In the analysis of KEGG based on the DMR-related genes, 140, 223 and 223 pathways were determined in humans, cattle and pigs, respectively (Fig. 8d and Fig. S12c), of which approximately 67, 184 and 157 were consistently detected by these four alignment algorithms (Fig. 8e). For the consistent pathways determined by three algorithms, Bwa-meth, Bismark-bwt2-e2e and Walt consistently detected the most pathways in humans (75) and pigs (167) after the remove of Walt; BSMAP, Bismark-bwt2-e2e and Walt consistently detected the most pathways in cattle (189) after the remove of Bwa-meth (Fig. 8e). The results suggested that for the analysis of KEGG, Walt seems to be responsible for the lack of concordant in four algorithms.

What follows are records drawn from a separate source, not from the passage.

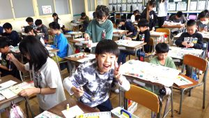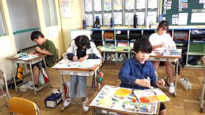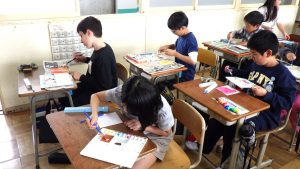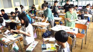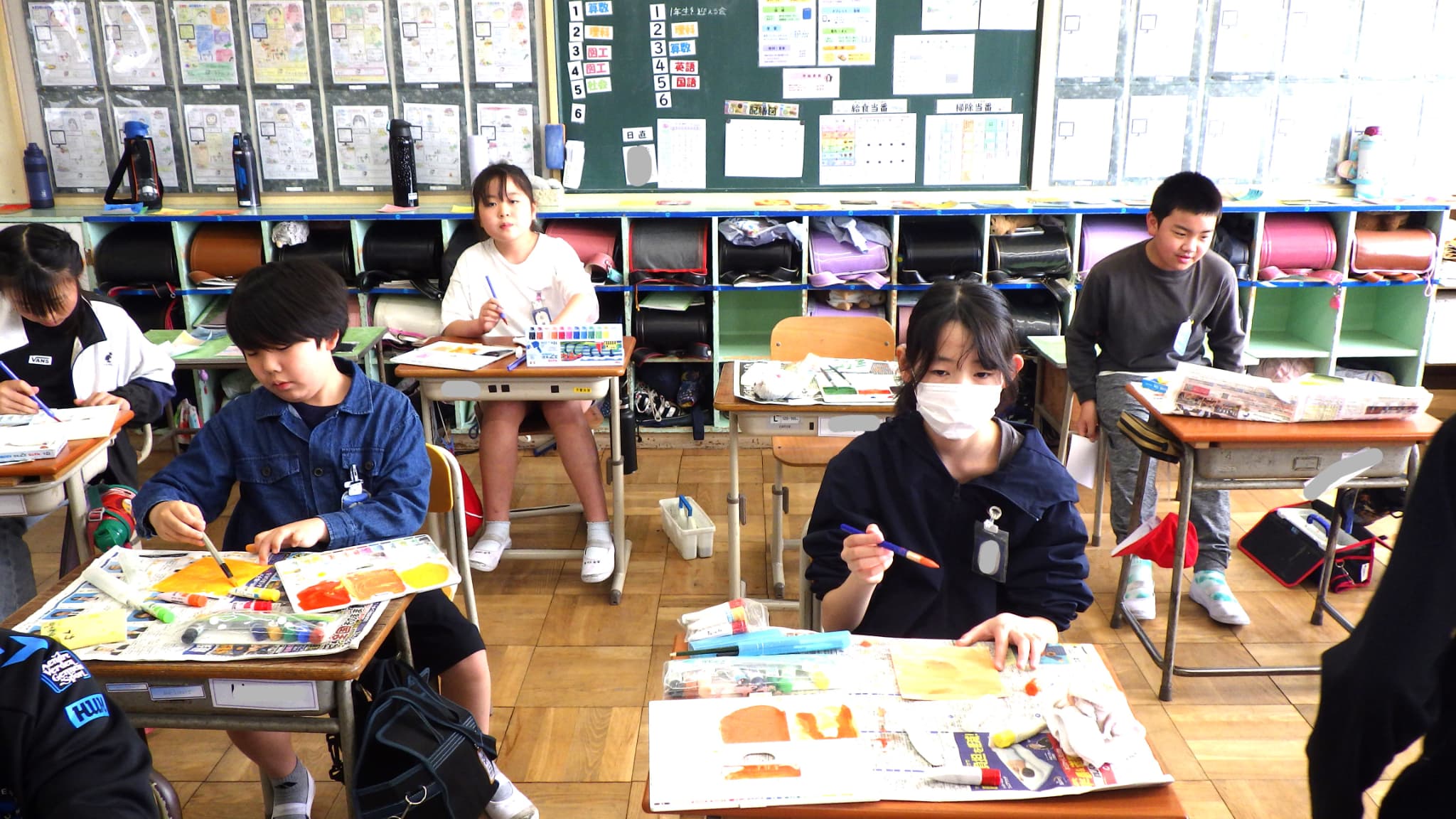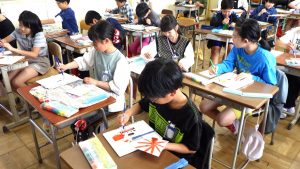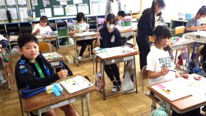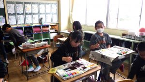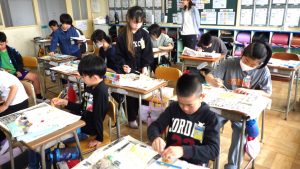 5年生 図画工作 5年生 2026.04.24 心のもよう 人間には様々な気持ちがあります。 その中から「うれしい・悲しい・おどろき・怒り」の4つの感情を絵に表しました。 どんな色、模様がいいかを考えながら塗り進めていました。
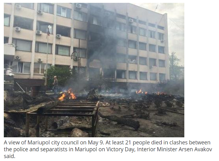 《基辅邮报》(Kyiv Post)5月9日报道:马里乌波尔市议会被烧毁后的场景,已成废墟。
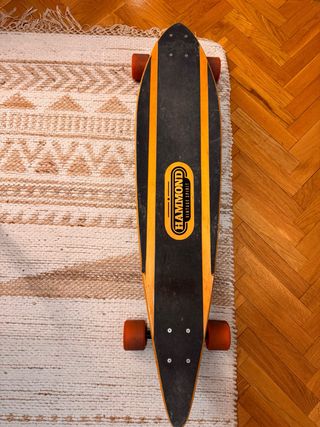 Longboard de la marca Hammond con diseño Vintage Spirit. Tiene algún raspón del uso, nada que afecte a su funcionamiento.
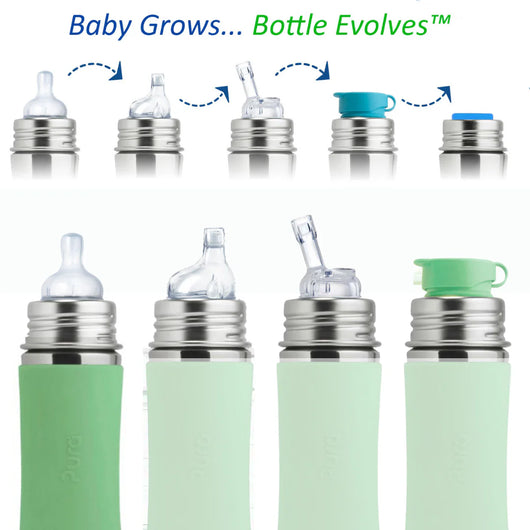 Puras filosofi «One life… One bottle™» og «Baby grows… bottle evolves™» handler nettopp om dette: kjøp én solid flaske, og bytt bare topp når behovene endrer seg – fra baby til barnehage, skole og voksenliv.
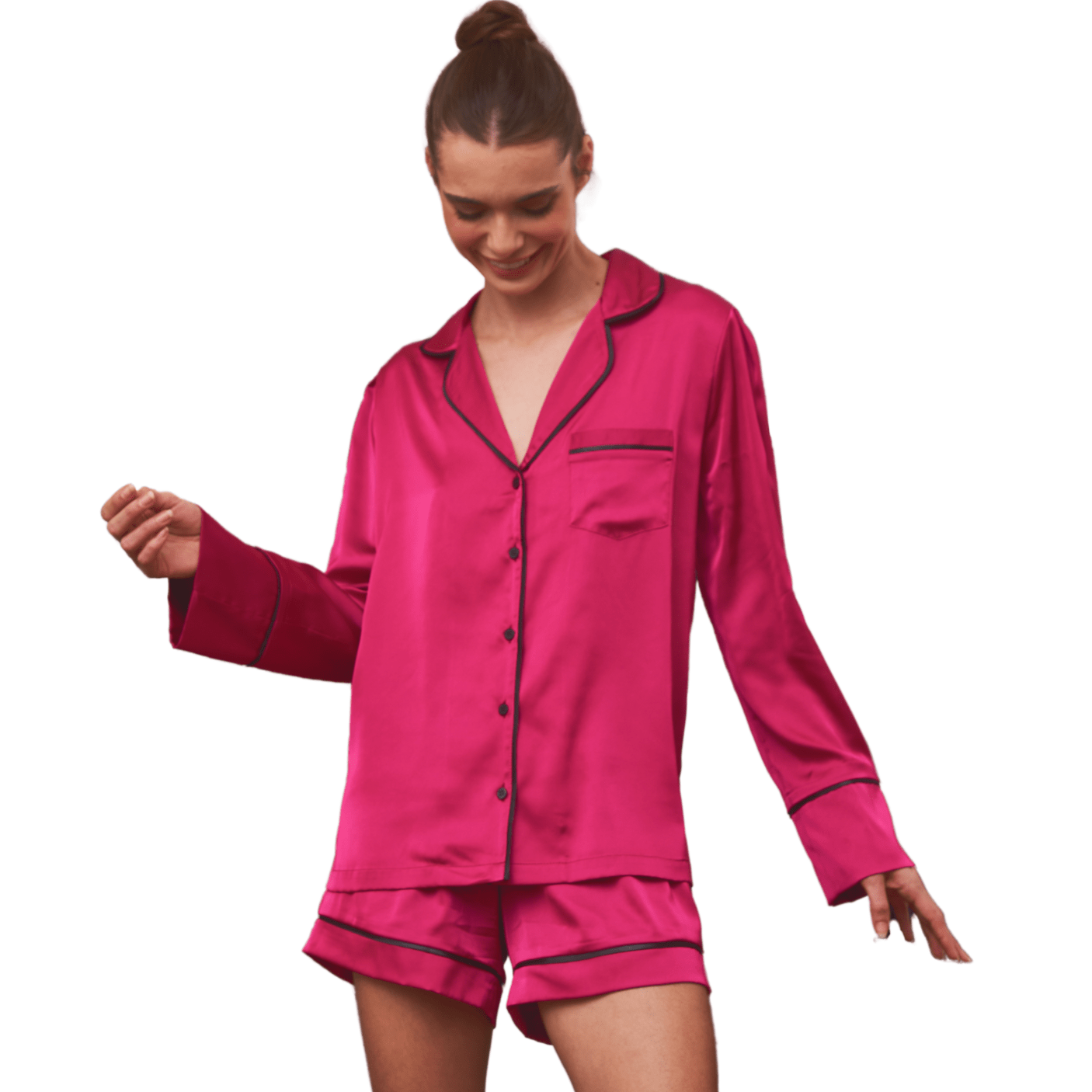 O tom fúcsia vibrante é moderno e feminino, ideal para quem ama cores marcantes e looks que fogem do óbvio, mesmo em casa. O acabamento em debrum preto cria um contraste elegante, trazendo sofisticação ao design e realçando ainda mais a beleza da peça. Cada costura e detalhe foram pensados para valorizar o visual com um toque refinado e contemporâneo.
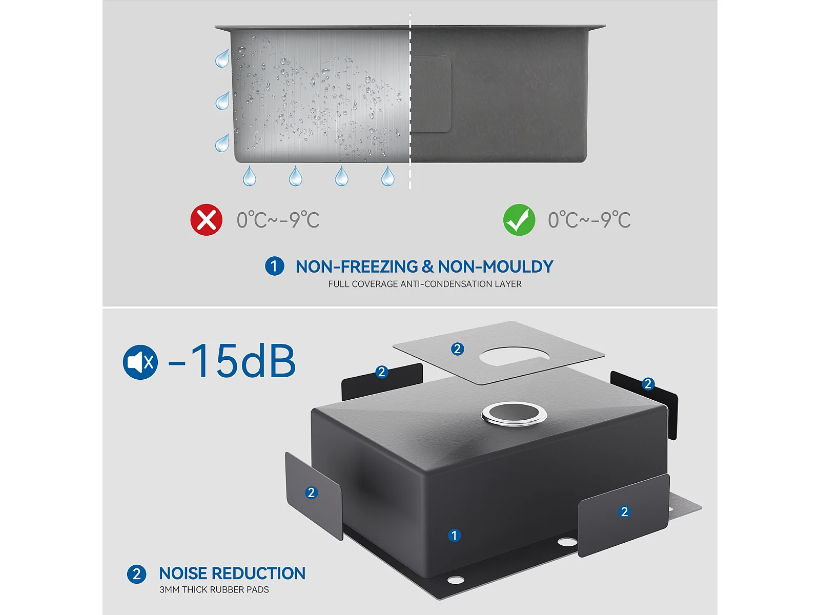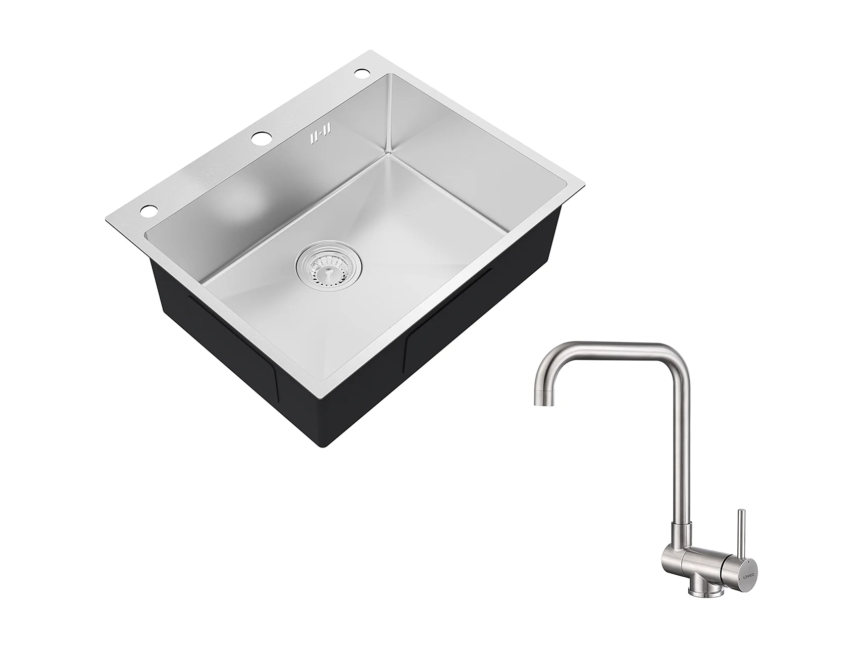 Auralum max Inbouw Keukenspoelbak,1 Bak,60*49*20CM,304 RVS Spoelbak,Zilver+Keukenkraan, 360° Richtbaar,Warm/Koud Water,In Messing,Chroom
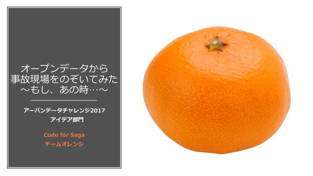 オープンデータから 事故現場をのぞいてみた ~もし、あの時…~ アーバンデータチャレンジ2017 アイデア部門 Code for Saga チームオレンジ
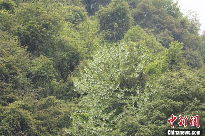 初夏時(shí)節(jié),四川省阿壩州松潘縣小河鎮(zhèn)雙河村西溝境內(nèi)的野生珙桐迎來(lái)盛花期,上萬(wàn)株珙桐花在山間次第開(kāi)放,白色的花朵迎風(fēng)飄動(dòng),猶如漫天飛舞的白鴿。西溝的野生珙桐花分布面積達(dá)8公里,共2萬(wàn)多畝,是目前阿壩州發(fā)現(xiàn)面積最大的珙桐林。
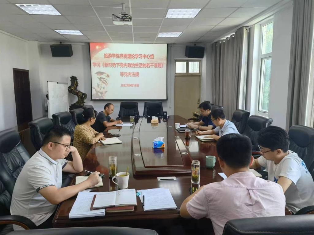 9月19日上午,太阳成集团tyc9728党委理论学习中心组在经管楼404会议室集中学习《新形势下党内政治生活的若干准则》等党内法规。太阳成集团tyc9728党委理论学习中心组成员参加会议。会议由太阳成集团tyc9728党委书记雷前龙主持。
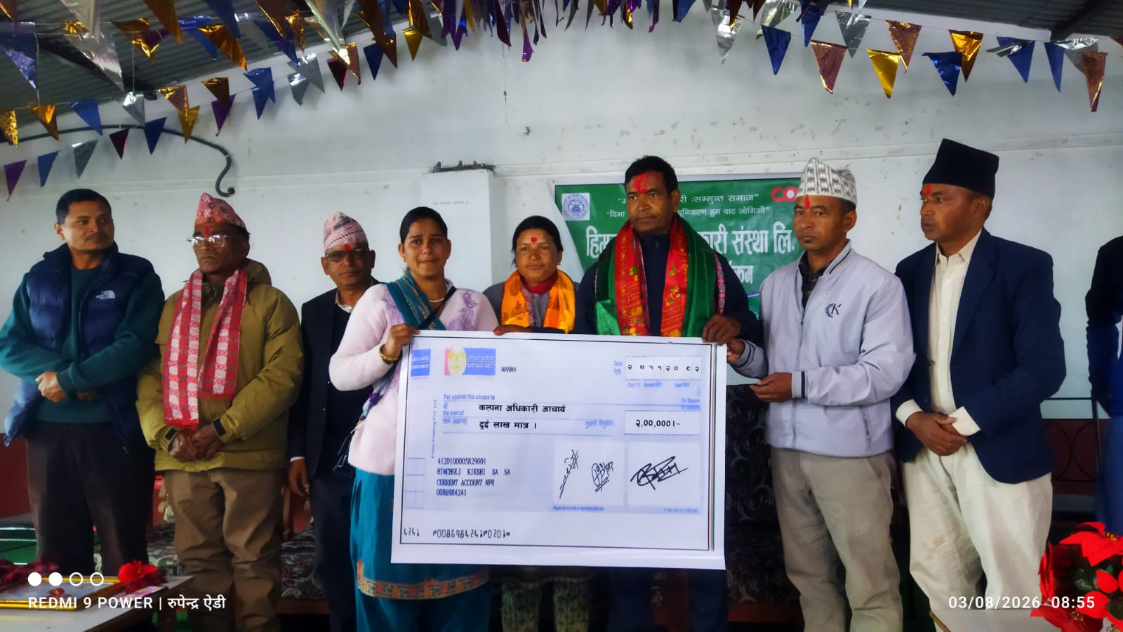 राहत हस्तान्तरण कार्यक्रममा सहकारीका निवर्तमान अध्यक्ष कालि बहादुर महतारा, वर्तमान सचिव धनलाल अधिकारी सहितले कार्यकाल सफलताको शुभकामना व्यक्त गरेका छन ।

Moreover, BSMAP showed the highest accuracy at the calling of signaling pathways (human: 86, 95.56 %; cattle: 197, 99.49 %; pig: 181, 97.84 %), but Walt exhibited the least accuracy at the calling of signaling pathways (human: 82, 91.11 %; cattle: 194, 97.98 %; pig: 175, 94.59 %) (Fig. 8f and Fig. S12d).
The top 30 pathways with the highest enrichments of each of four alignment algorithms were further explored and discussed. In humans, 15 (50.00 %) signaling pathways (such as Focal adhesion, Axon guidance and Thermogenesis) were consistently interpreted by all four algorithms, but the number of signaling pathways consistently detected by two of four algorithms ranges from 18 (60 %) to 22 (73.33 %) (Fig. S13a, Table S6-7). In cattle, 16 (53.33 %) signaling pathways (such as MAPK signaling pathway, Hepatocellular carcinoma and Axon guidance) were interpreted by all four algorithms, but the number of signaling pathways consistently detected by two of four algorithms ranges from 21 (70 %) to 24 (80.00 %) (Fig. S13b, Table S6-7). In pigs, 15 (50.00 %) signaling pathways (such as Endocytosis, Focal adhesion and Axon guidance) were interpreted by all four algorithms, but the number of signaling pathways consistently detected by two of four algorithms ranges from 19 (63.33 %) to 23 (76.67 %) (Fig. S13c, Table S6-7).
4. Discussion
It is well recognized that DNA methylation plays critical roles in mammalian development [51] and diseases [52]. Compared with other methods to profile the methylomes, WGBS has been accepted as the gold standard at single base resolution [53]. Currently, WGBS is at the forefront of epigenetic analysis and popularly utilized to investigate the genome-wide DNA methylation of mammalian developments [54] and epigenetic marks of diseases [55]. A great number of mappers and aligners have been developed and exploited to handle the mapping challenge caused by bisulfite [18]. It is considered that the mapping efficiencies and performances impress the precision of DNA methylation calculation as well as the calling of candidate DMCs, DMRs, DMR-related genes and signaling pathways. Therefore, it is essential to benchmark the mapping efficiencies of the mappers warped up distinct aligners to provide investigators with useful information. In this study, the runtime, memory consumption, uniquely mapped reads, mapped precision, recall, F1 score, unsatisfactory aligned reads as well as the accuracy at the biological interpretations were compared and evaluated among 14 alignment algorithms in humans, cattle and pigs (Fig. 1). As far as we were concerned, this study provided the most comprehensive information for the selection of alignment algorithms for WGBS data in mammals.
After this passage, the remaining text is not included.